Discoveries in cell and developmental biology that define key immune mediators of repair and regeneration can be considered in the design of biomaterial scaffolds that modulate the immune response: a concept emerging as biomaterials-directed regenerative immunology. Materials that target the immune system have, to date, been primarily in the form of nano- and microparticles for applications in cancer immunology and vaccines. For example, nanoparticles are targeting and stimulating CD8+ cytotoxic T lymphocytes to enhance tumour and cancer cell clearance162,163. Polymeric nanoparticles are engineered to contain both the antigen of interest as well as co-stimulatory molecules to fully activate an immune response. These particles are ingested and processed by antigen-presenting cells (APCs), such as dendritic cells and macrophages, and then APCs present the antigen on major histocompatibility complexes to cognate T cell receptors.
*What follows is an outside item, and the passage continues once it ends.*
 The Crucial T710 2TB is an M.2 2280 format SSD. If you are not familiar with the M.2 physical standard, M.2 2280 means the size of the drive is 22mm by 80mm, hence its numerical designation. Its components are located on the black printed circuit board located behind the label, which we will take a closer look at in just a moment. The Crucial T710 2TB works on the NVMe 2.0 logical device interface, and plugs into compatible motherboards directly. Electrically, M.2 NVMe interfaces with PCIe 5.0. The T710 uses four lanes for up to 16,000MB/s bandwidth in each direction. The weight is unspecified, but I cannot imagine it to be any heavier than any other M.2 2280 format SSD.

These targeting strategies are also being applied to vaccine development and tolerogenic treatments for autoimmune disease164166. Materials are used to engineer completely synthetic APCs167,168, and through careful analysis, the optimal shape and size for efficient T cell activation was determined.
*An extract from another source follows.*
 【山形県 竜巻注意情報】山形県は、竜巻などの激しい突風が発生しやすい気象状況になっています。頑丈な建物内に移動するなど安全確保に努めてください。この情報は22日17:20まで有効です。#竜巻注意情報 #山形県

On a larger scale, polymer implants are also working to educate the immune system in a similar manner169,170. Macroscale therapeutic biomaterial implants are currently in clinical testing171. These subcutaneously implanted biodegradable wafers are formulated to contain tumour lysate as a source of tumour antigen together with granulocyte–macrophage colony-stimulating factor (GM-CSF), a dendritic cell growth and differentiation factor, and TLR agonists172. Monocytes invade the biodegradable matrix and differentiate into dendritic cells upon local exposure to GM-CSF. These dendritic cells phagocytose the tumour antigens provided by tumour lysate and are activated by a CpG ODN — a TLR9 agonist. The antigen-loaded activated dendritic cells then enter the afferent lymphatics and the draining lymph nodes, where they present the tumour antigens to antigen-specific T cells. Similarly, targeting the immune system to stimulate regeneration will probably require co-opting of the innate and adaptive immune system to create a pro-regenerative environment.
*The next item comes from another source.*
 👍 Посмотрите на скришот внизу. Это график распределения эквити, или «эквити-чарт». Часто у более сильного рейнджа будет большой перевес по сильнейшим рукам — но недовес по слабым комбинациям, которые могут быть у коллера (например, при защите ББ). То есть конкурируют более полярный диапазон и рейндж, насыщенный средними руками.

Many advances in engineering biomaterials for regenerative medicine have been seen in recent decades (Box 2). Fundamental properties of cell responses to biochemical and biophysical cues have been delineated with careful structure–function studies. Sophisticated techniques now allow replication of the structural organization of complex, native tissue in biomaterials and also the mimicking of developmental biology cues that are embedded in the biomaterial scaffold. However, we must not neglect the role of biology and ‘over-engineer’ materials such that they actually impede the innate processes of cells and tissues that still know how to rebuild tissues better than we do. Furthermore, the manipulation and combination of polymers to create new scaffolds generally provide incremental improvements in matrix production in vitro that may not even translate to preclinical or clinical improvements. The fields of biomaterials and regenerative medicine also have the potential to mature beyond the trial-and-error design method by integrating big data strategies for materials design, cell and tissue responses, and, most importantly, to incorporate lessons from translation. Thus, smart materials may not always be more complex or sophisticated, but their design takes into consideration structure–function relationships, successes and failures in translation, and the primary factors contributing to efficacy.